Welcome to CS101B!

A nonprofit needs to assign tasks to its volunteers so they get completed as fast as possible. A political scientist wants to determine how to allocate city council seats based on a popular vote. A climatologist wants to estimate how many trees are in a forest. A city planner wants to see whether a proposed development will be underwater as sea levels rise. A physicist wants to know why perturbations to a system cause cascading effects.

How can we use computing power to answer these questions?

This course is about transitioning from “I know how to write programs” to “I know how to solve problems with computers.” Over the course of ten weeks, we’ll explore an array of techniques, tools, and perspectives useful for modeling and solving problems. We’ll explore recursion and see how it can be used both to model the intricacies of nature and to optimally allocate resources. We’ll develop a rich vocabulary of structures that can both capture the position of a dancer in space and compress a data file. And we’ll see how to put these techniques to use in problems drawn from a range of disciplines. By the time you’ve completed this course, you’ll learn how to look at problems in fundamentally different ways and how to use those perspectives to create clean and elegant computational solutions.

What We Expect From You

We expect that each of you will approach this course with an open mind and a healthy spirit of curiosity. We find this course material absolutely fascinating, and it’s truly amazing how much you will be able to get the computer to do once you’ve completed CS101B. But beyond that, we think the material you’ll learn this quarter will cause you to look at the world in a different way - you’ll have new ways of recognizing patterns behind complex structures and will more generally see things through a computational lens.

It is perfectly normal, when learning a new skill, to get stuck and need some help. We expect that you’ll have a bunch of questions, so please feel free to ask us! Knowing how to ask good questions is a skill in and of itself, so we may answer the questions you ask us (e.g. “why doesn’t my code work?”) with some questions of our own (e.g. “what have you done to try to identify the problem?”) to help you learn to work independently.

Websites and Technology

The main CS101B website is where you are right now, cs101b.stickmind.com. We have links to a bunch of other tools here. Here’s the quick rundown:

  • Our main course website cs101b.stickmind.com is the main hub for course information. It contains links to everything you’ll need.

  • You will need to download and install Visual Studio Code to complete the coding assignments.

Prerequisites

CS101B assumes that you have a familiarity with programming at the level of CS101A or the AP Computer Science exam.

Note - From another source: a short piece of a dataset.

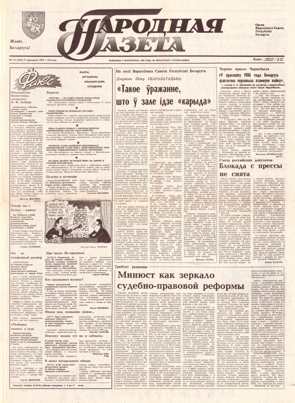 «Народная газета» — орган Вярхоўнага Савета Рэспублікі Беларусь. Выдавец: Адкрытае акцыянернае таварыства Народная газета. Выходзіць штодзённа, акрамя нядзелі і панядзелка, 250 разоў у год. Выдаецца з кастрычніка 1990 года на беларускай і рускай мовах. З 1990 па 1995 год пасаду галоўнага рэдактара «Народнай газеты» займаў Іосіф Сярэдзіч. З мая 1990 па студзень 1996 — дэпутат Вярхоўнага Савета XII склікання. Выданне займала ўмераную цэнт... Болей »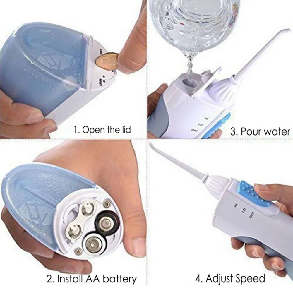 Функция: сильная пульсирующая струя воды выбрасывает частицы пищи, где зубная щетка не может достичь. Он также смывает Ослабленный налет из промежутков между зубами и мягко массирует десны.

A note: although this class uses C++, this class is primarily designed to teach abstraction, recursion, and algorithmic analysis. If you already know those topics and just want to learn C++, you may want to opt to take CS101L instead of CS101B.

Lectures

It’s important to keep pace with the lectures rather than to batch them up and watch them all in one go. (That model works great for Netflix shows that really hook you in, but it’s not great for learning.)

Discussion Sections

The section materials for each week consist of a set of problems for further practice with recent lecture topics. You don’t need to have understood everything in lecture perfectly, but your section leader won’t be able to effectively guide you and the other students in your section through the problems unless everyone is at least caught up on viewing. Solutions to the section exercsies will be added under the webite “Sections” tab at the end of the week, for your use as assignment code templates or exam studying.

Readings

The required reading for this course is Eric Roberts’ Programming Abstractions in C++.

Assignments

Programming is a skill best learned by doing, and the programming assignments in CS101B form the central skill development part of your experience in the course. We have a great set of assignments planned that we hope you will find fun, challenging, illuminating, and rewarding. There are nine total assignments this quarter - one at the start of the quarter to help you get your computer set up to write C++ programs, then eight programming assignments.

Students self-report spending between 10 and 20 hours on each assignment. If you find yourself heading towards the upper end of that range for an assignment, please reach out to course staff for tips. Our workload is challenging because we want to foster the most growth possible for you in our 10 weeks together, but we do want the total hours to stay within reason for a 5-unit course and are happy to work with you towards that goal. In CS101B, we write programs in the C++ language and use the VS Code IDE for editing, compiling, and debugging.